(Beginning of Input for this task)

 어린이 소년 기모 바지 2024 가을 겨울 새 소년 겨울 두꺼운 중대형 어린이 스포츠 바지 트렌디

(End of Input for this task)
(Beginning of Input for this task)

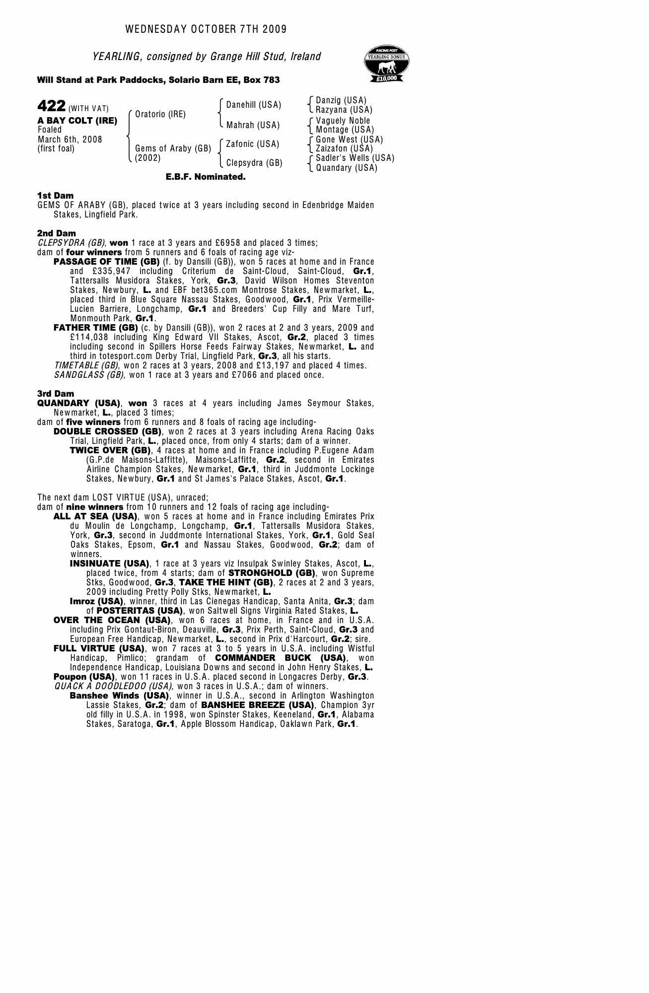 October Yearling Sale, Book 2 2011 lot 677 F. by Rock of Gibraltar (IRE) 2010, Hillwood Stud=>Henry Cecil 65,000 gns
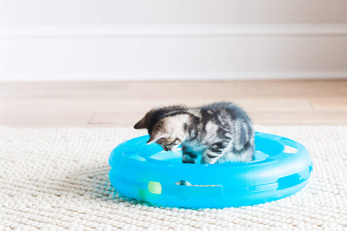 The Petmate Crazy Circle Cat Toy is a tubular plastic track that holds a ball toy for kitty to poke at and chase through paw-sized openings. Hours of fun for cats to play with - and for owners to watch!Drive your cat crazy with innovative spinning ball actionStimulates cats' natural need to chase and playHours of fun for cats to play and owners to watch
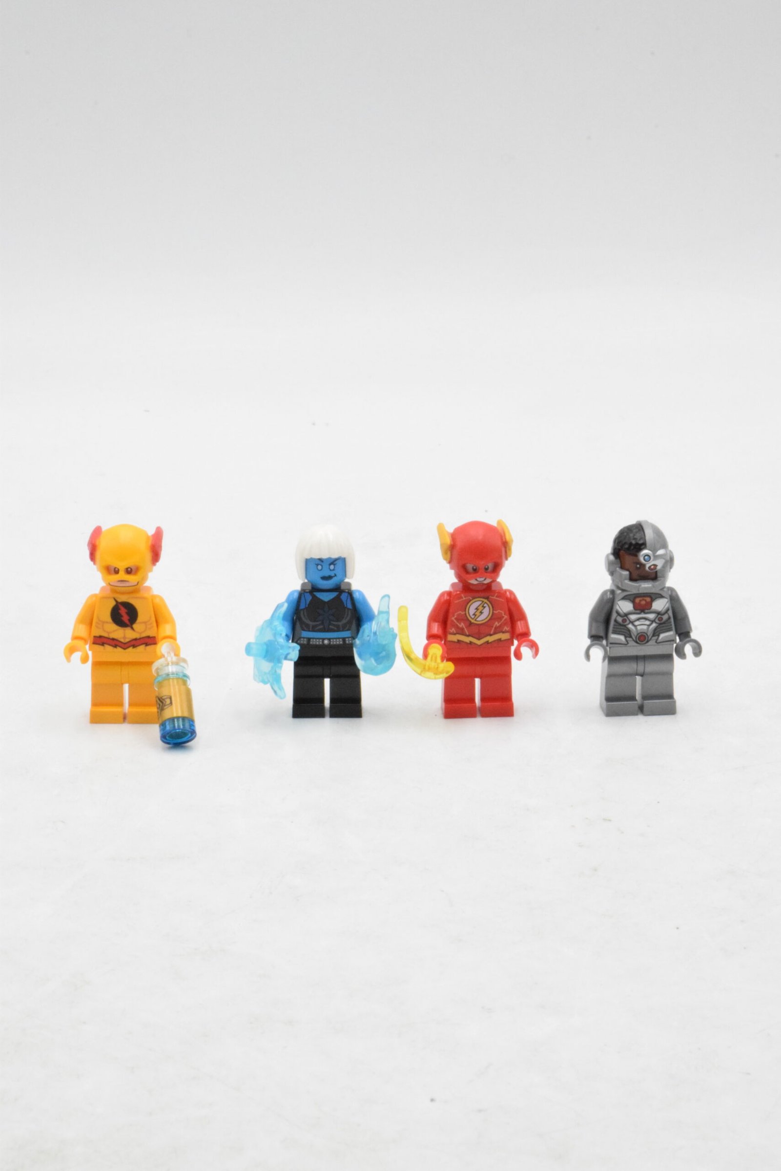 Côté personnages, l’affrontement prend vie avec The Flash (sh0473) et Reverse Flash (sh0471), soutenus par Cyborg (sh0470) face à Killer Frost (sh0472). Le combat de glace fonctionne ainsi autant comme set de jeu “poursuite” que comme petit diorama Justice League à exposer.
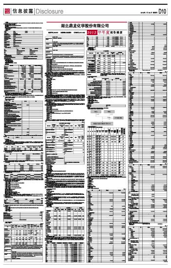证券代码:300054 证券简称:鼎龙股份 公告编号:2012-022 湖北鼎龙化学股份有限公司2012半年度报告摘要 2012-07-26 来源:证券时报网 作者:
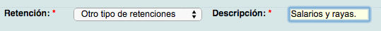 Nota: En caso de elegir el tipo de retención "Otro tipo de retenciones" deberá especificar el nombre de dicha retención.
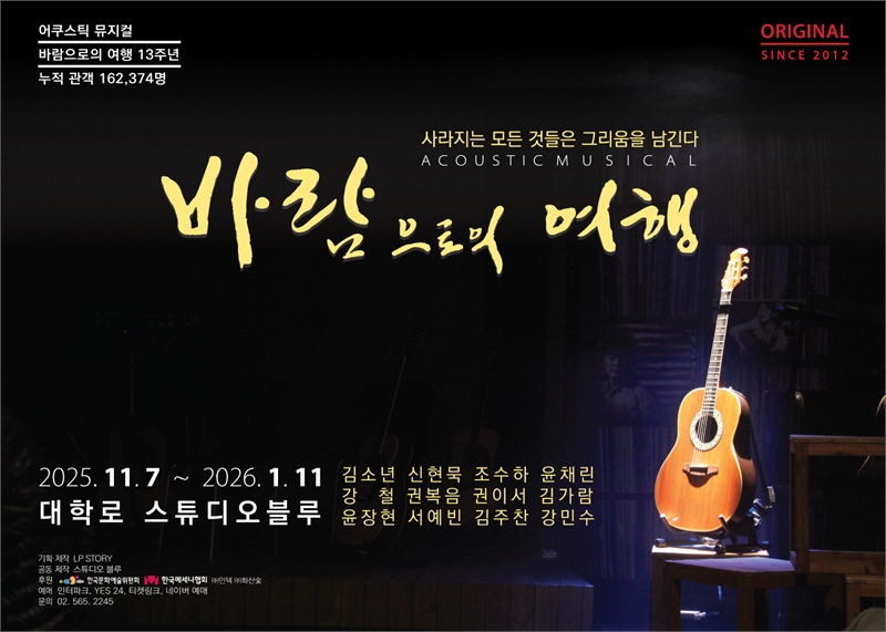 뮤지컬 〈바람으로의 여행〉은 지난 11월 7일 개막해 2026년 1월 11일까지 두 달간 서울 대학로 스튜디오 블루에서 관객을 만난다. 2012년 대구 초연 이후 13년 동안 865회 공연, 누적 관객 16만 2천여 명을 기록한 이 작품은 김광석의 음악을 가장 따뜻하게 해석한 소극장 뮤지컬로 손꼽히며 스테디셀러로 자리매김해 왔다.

(End of Input for this task)

## Exercise prompt
For this exercise, return exactly the lines above from the line with "证券代码:300054 证券简称:鼎龙股份 公告编号:2012-022" through the line with "뮤지컬 〈바람으로의 여행〉은", both included. Do not copy the pictures.

## Result of this exercise
证券代码:300054 证券简称:鼎龙股份 公告编号:2012-022 湖北鼎龙化学股份有限公司2012半年度报告摘要 2012-07-26 来源:证券时报网 作者:
 Nota: En caso de elegir el tipo de retención "Otro tipo de retenciones" deberá especificar el nombre de dicha retención.
 뮤지컬 〈바람으로의 여행〉은 지난 11월 7일 개막해 2026년 1월 11일까지 두 달간 서울 대학로 스튜디오 블루에서 관객을 만난다. 2012년 대구 초연 이후 13년 동안 865회 공연, 누적 관객 16만 2천여 명을 기록한 이 작품은 김광석의 음악을 가장 따뜻하게 해석한 소극장 뮤지컬로 손꼽히며 스테디셀러로 자리매김해 왔다.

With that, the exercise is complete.